En dénonçant la situation d’isolement de femmes, futures filles mères, opprobres de la société, Denise BONAL anticipe le danger auquel sont exposées ces femmes, celui de devenir la proie d’organisations mercantiles, vendeuses de nouveaux nés.
Denise BONAL met donc en scène cinq jeunes femmes enfermées dans une clinique, la plupart de leur plein gré, qui ont pour contrat de poursuivre leur grossesse jusqu’ à la délivrance moyennant une prime conséquente, celle de la vente de leur enfant.
A travers les portraits des cinq femmes issues de milieux divers, les différentes positions et ressentis des mères porteuses sont exprimés.
Si les personnages de Menda, la portugaise et de Ginette « une ancienne pauvre » frisent légèrement la caricature par opposition aux caractères de Dominique et Solange plus effacés, les propos de Florence, la jeune rebelle, nous interpellent profondément parce qu’ils témoignent d’une véritable détresse que l’appât du gain ni les joyeuses chansons de Sheila ou de Michel Delpech ne réussissent à camoufler.
Denise BONAL ne porte pas de jugements sur ces femmes mais sa démonstration est éloquente.
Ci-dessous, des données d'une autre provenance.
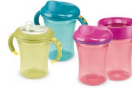
Easy Learning 1-2-3 Cups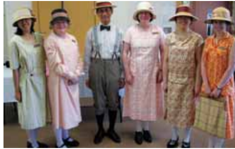
Museum Interpreters and volunteers on Canada Day.

Voilà des femmes qui certes n’auront pas commis d’assassinat de leurs rejetons en avortant (parce que l’avortement est un crime selon les parents catholiques de Florence) mais seront devenues les complices d’un commerce de traite d’enfants.
Justine HAYE la metteure en scène qui interprète telle une dame patronnesse, Mademoiselle, la directrice de la clinique, réussit à immerger le public dans ce huis clos somme toute tragique, mais sans pathos.
Nous lui sommes reconnaissants ainsi qu’à toute l’équipe des comédiens de porter avec une si belle conviction, cette pièce de Denise BONAL, aux accents tchekhoviens, visionnaire et sensible, toujours actuelle.